#### [Problem]
The answer should contain only the lines from the beginning of the entries through the line that holds "There were four", given again exactly, with no pictures.

#### [Dataset entries]
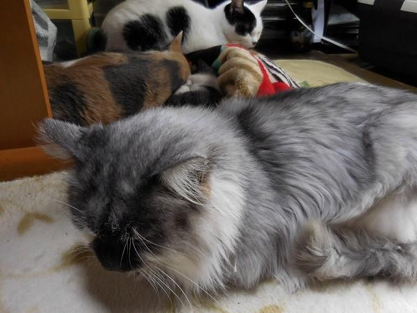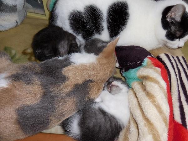 残された二匹の猫ちゃんに、お産経験のない代理母が寄り添ってます
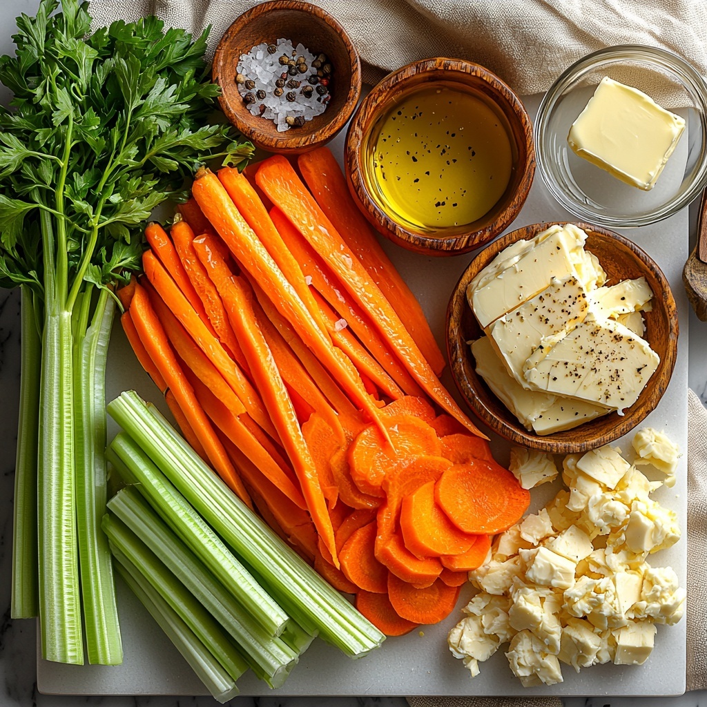 1. Sauté Vegetables: In a large pot or Dutch oven, heat olive oil and butter over medium heat. Add diced onion, carrots, and celery and sauté for 5–7 minutes until vegetables are tender. Add minced garlic and cook for 1 more minute.
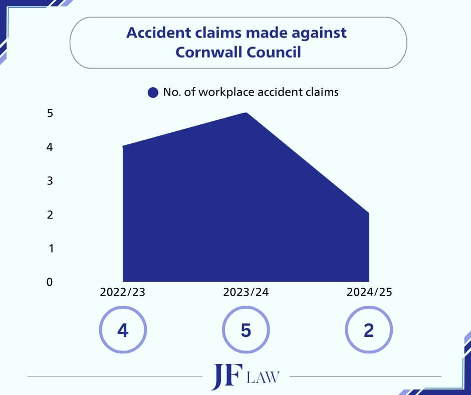 There were four workplace accident claims made against Cornwall Council in 2022. This increased to five in 2023, before dropping to two in the past year.
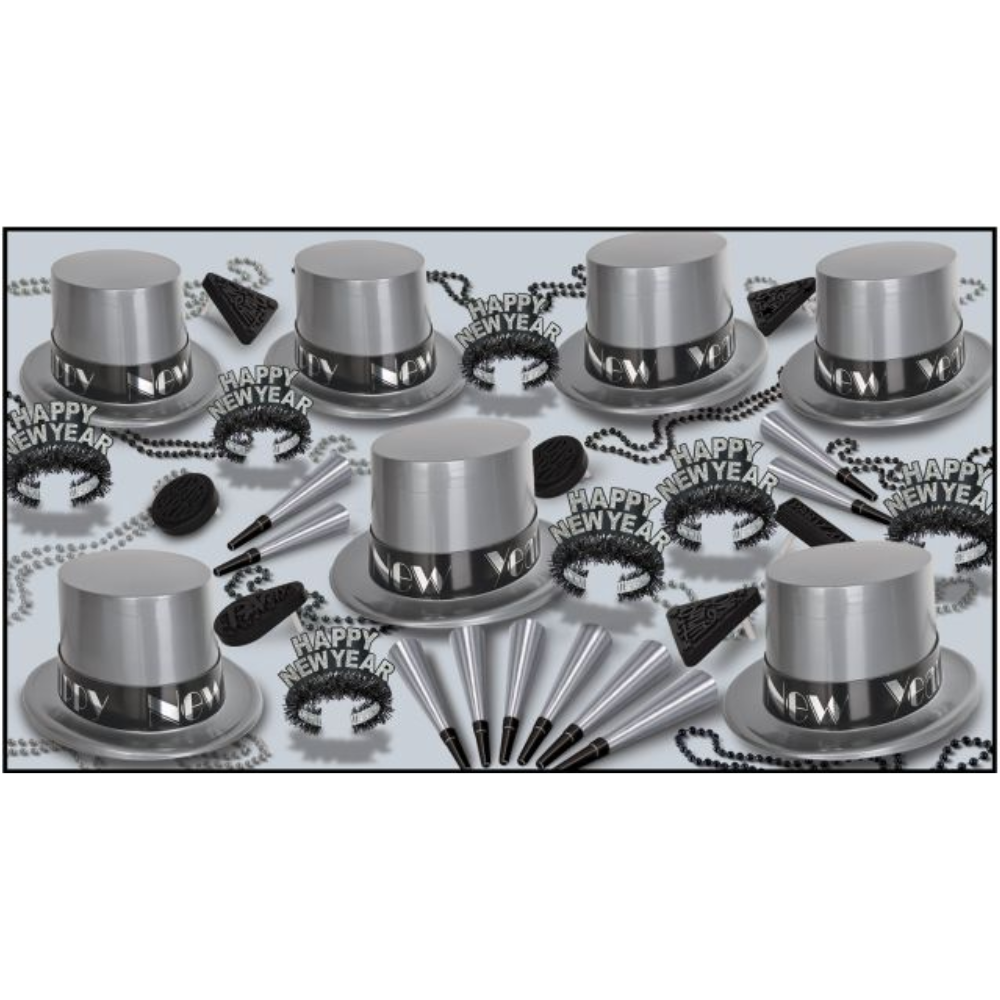 Simply Silver Asst for 50 Celebrate in style with this comprehensive silver party assortment designed for groups of 50 guests. This curated collection includes 25 plastic toppers featuring printed foil bands, 25 fringed tiaras for elegant flair, 30 nine-inch foil horns to amplify the festivities, 20 deluxe noisemakers for interactive fun, and 25 thirty-three-inch party beads to complete the look. Each component combines quality construction with coordinated silver aesthetics, making setup effortless and ensuring every guest has the essentials for a memorable celebration. Perfect for New Year's Eve, milestone birthdays, corporate events, or any occasion calling for coordinated party décor and accessories.
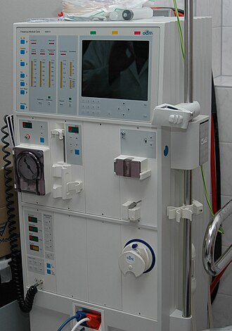 Böbreklerin işlevini yerine getirmek için kullanılan bir hemodiyaliz makinesi
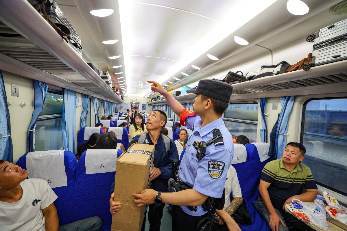 10月14日,劉濤在K845次列車上指導旅客安全擺放行李。
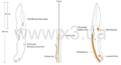 за фиксацию клинка в открытом виде отвечает замок Liner-lock, дополненный механизмом ThumbUp safety lock;
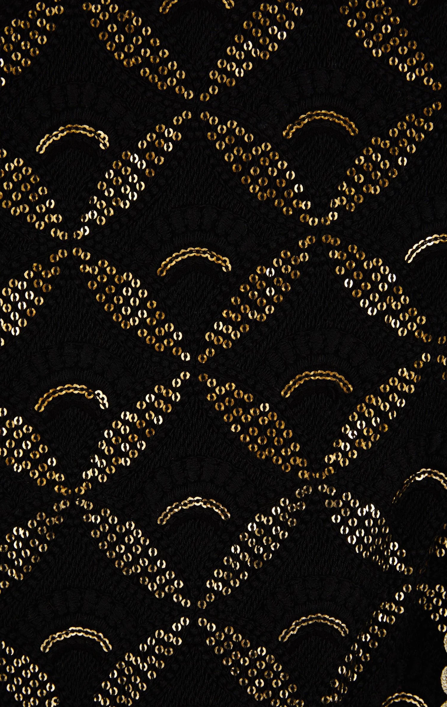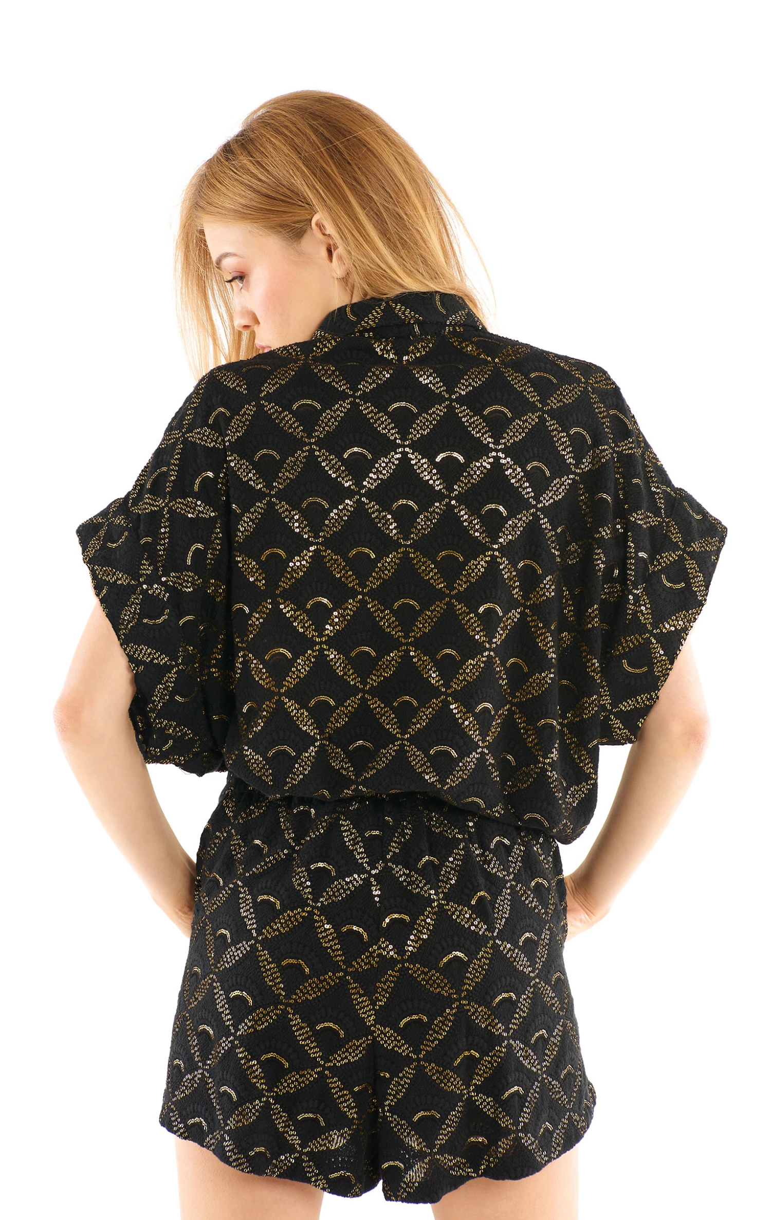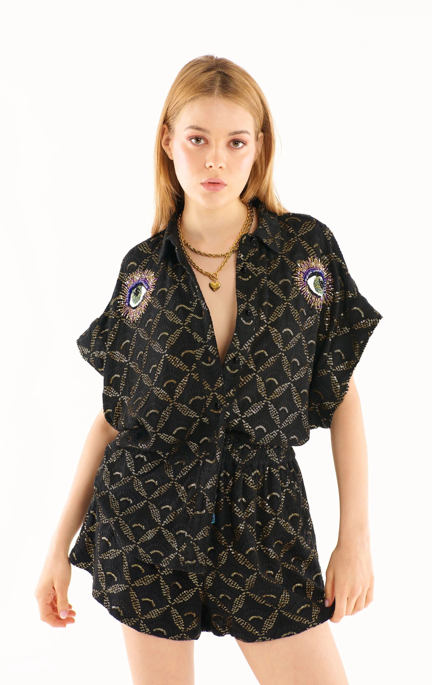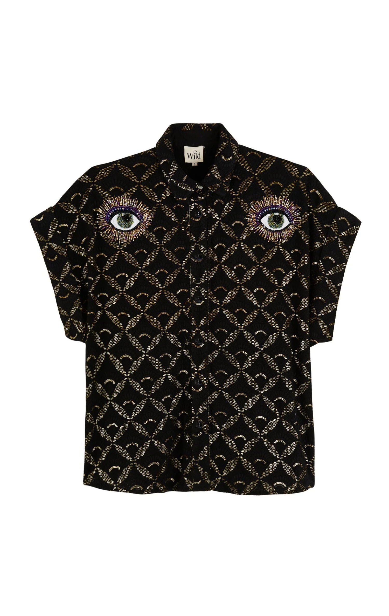 Cette chemise à la coupe courte et oversize et aux manches amples, soulignées par un croquet doré, est confectionnée dans une viscose de coton entièrement rebrodée de formes florales graphiques et de sequins. Une broderie extravagante faite de perles violettes, noires et vertes dessine deux yeux protecteurs posés au niveau des épaules. Déclinée en trois couleurs, blanc cassé, noir et bleu, elle s’assortit avec le short Céline pour un ensemble twin-set parfait!
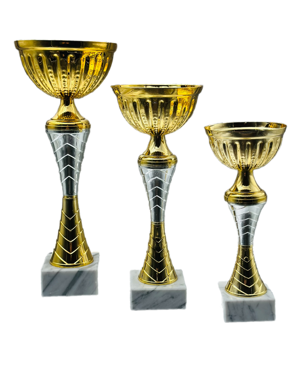 Κύπελλο απονομών αργυρό με λαβές για αθλητικές και άλλες εκδηλώσεις σε μαρμάρινη βάση.
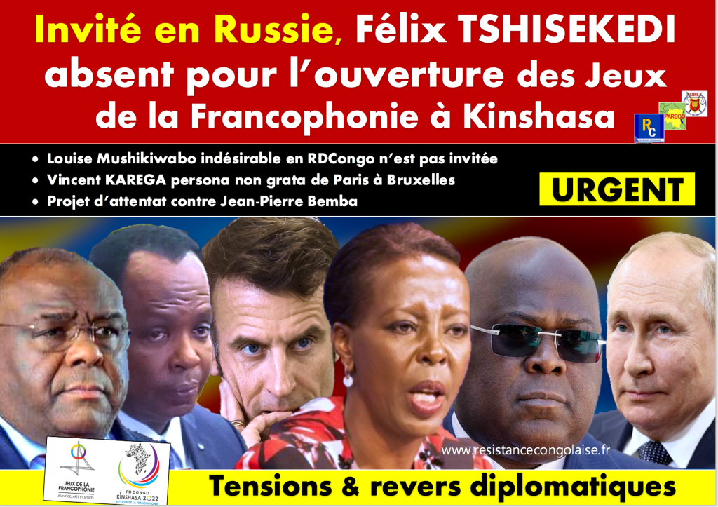 Le CNRC a pourtant été informé par les réseaux de Monsieur Honoré Ngbanda à l’intérieur comme à l’extérieur de la RDC, que ni Félix Tshisekedi , ni Louise Mushikiwabo ne seront à Kinshasa pour l’ouverture des Jeux de la francophonie cette semaine. Madame Mushikiwabo (Secrétaire Générale de l’OIF) étroite collaboratrice de l’Hitler africain Paul Kagame et complice avec lui durant des années des pillages et massacres en République démocratique du Congo, n’est pas invitée par le gouvernement congolais.

#### [Result]
 残された二匹の猫ちゃんに、お産経験のない代理母が寄り添ってます
 1. Sauté Vegetables: In a large pot or Dutch oven, heat olive oil and butter over medium heat. Add diced onion, carrots, and celery and sauté for 5–7 minutes until vegetables are tender. Add minced garlic and cook for 1 more minute.
 There were four workplace accident claims made against Cornwall Council in 2022. This increased to five in 2023, before dropping to two in the past year.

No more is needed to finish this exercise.